Beilenhoff: Exzentriker?
Vowe: Jedenfalls spielt die Vermutung, daß es sich um etwas Authentisches handelt, bei der Rezeption von Big Brother eine wesentliche Rolle. Ich habe mir das deshalb sehr gerne angeschaut um herauszufinden, ob Authentizität auch gespielt werden kann. Um zu einem Ergebnis zu kommen, müßte man natürlich die Personen vor ihrer Medialisierung kennen, um eine Differenz feststellen zu können.
ndf: Deshalb wurden Freunde und die Familie ins Big Brother-Studio eingeladen, um das authentische Verhalten einzelner Teilnehmer zu bestätigen. Außerdem zielten auch einige Spiele auf die Produktion von Authentizität, z.B. das Radeln auf dem Hometrainer bis zur Schmerzgrenze.
Beilenhoff: Schauen wir uns doch einmal die synchronen Konstellationen an, in denen das Authentische auftaucht - als Idee, als Hoffnung, als Schlagwort usw. Im Kontext von Konzepten wie dem Spiel oder dem Körper, von Gentechnologie, Virtualität, Digitalisierung usw. hat das Authentische mit unterschiedlichen Identitätskonzepten zu tun. Um es zu verdeutlichen: wenn ich die Kategorie des Spiels negativ besetze, dann vergebe ich mir eine Perspektive von Identitätserfahrung im Sinne der Suspendierung der Fixierung auf mich-in-aktueller-Gegebenheit oder auch der Fixierung auf mich-in-meiner-Körperhaftigkeit. Damit wird das Potential gekappt, das in der Kategorie der Imagination steckt. Interessant ist, daß dies auch die Strategie von Dogma 95 ist, die ich als absolut reaktionäre empfinde. Es ist eine sehr demagogische Rhetorik zu sagen, wir wollen das Spiel völlig abwerfen und hinter dem Spiel, als wäre das Spiel eine Maske, kommt das Authentische zu Tage.
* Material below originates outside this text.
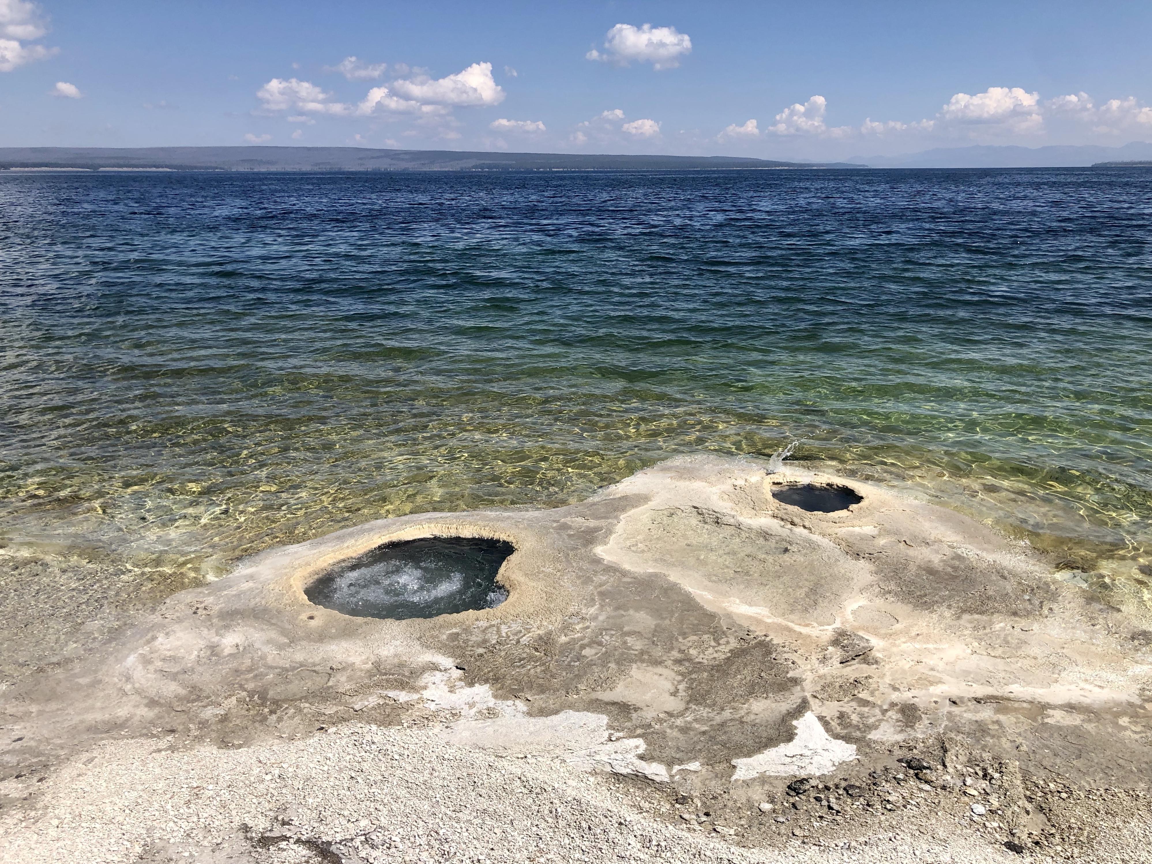 … stopping to note the boiling water emanating from small semi-submerged hot springs in the lake.

Das ist mir viel zu mechanistisch. Oder auf der Ebene der Thematisierung von Körper und Körperhaftigkeit. Ich setze mich auf den Hometrainer und nach dem 823. Schweißtropfen bin ich total authentisch für einen Zuschauer. Wie einfach solche Rechnungen plötzlich werden, dadurch daß Industrien der Authentifizierung, der Vermarktung von Authentizität auftauchen! In unserem Seminar sind wir allerdings nur an den Punkt gekommen, an dem die weiterführenden Problemstellungen klar wurden und sich zeigt, welcher Stellenwert den Bildmedien in diesem Kontext zukommt.
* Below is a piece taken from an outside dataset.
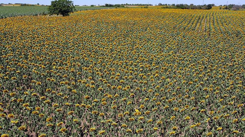 Türkiye’nin yağlık ayçiçeği ihtiyacının büyük bölümünü karşılayan Edirne’de, iklim değişikliğiyle birlikte yüksek sıcaklık ve yağışsız hava nedeniyle, ekili tarlalarda ürün kuruma noktasına geldi. Edirne Ziraat Odası Başkanı Hüseyin Arabacı, her yıl 15 Ağustos’ta başlayan ayçiçeği hasadının, kuraklık nedeniyle bu yıl erken başlayacağını söyledi.

Interessant ist in diesem Zusammenhang auch die Arbeit von Linda Williams, die bereits vor mehreren Jahren darauf hingewiesen hat, daß im Grunde die eigene Körpererfahrung Auslöser für unterschiedliche Perspektivierungen des Authentischen ist, und der Körper damit zu einer Ressource für die Generierung von Authentizität wird. Andere Dinge sind dagegen völlig verloren gegangen: das Authentische ist nicht mehr das Unbewußte, es ist nicht mehr das Wilde. Plötzlich sind wir beim Authentischen sehr klein geworden und fokussiert auf eine Linie.
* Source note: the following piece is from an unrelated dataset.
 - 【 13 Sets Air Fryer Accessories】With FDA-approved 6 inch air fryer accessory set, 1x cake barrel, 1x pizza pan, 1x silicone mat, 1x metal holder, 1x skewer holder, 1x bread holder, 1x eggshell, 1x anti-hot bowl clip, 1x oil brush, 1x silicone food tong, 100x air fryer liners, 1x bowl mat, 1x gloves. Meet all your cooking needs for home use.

Belloi, Livio (1995) Lumière und der Augen-Blick, in: KINTOP, Anfänge des dokumentarischen Films, 4/1995. Basel/Frankfurt: Stroemfeld, S., 27-49.
Gumbrecht, Hans Ulrich (1997) 1926. Living at the edge of time. Cambridge/London: Harvard Press.
Williams, Linda (1991) Film Bodies: Gender, Genre and Excess, Film Quarterly Vol. 44 (4) 1991, S. 2 - 13.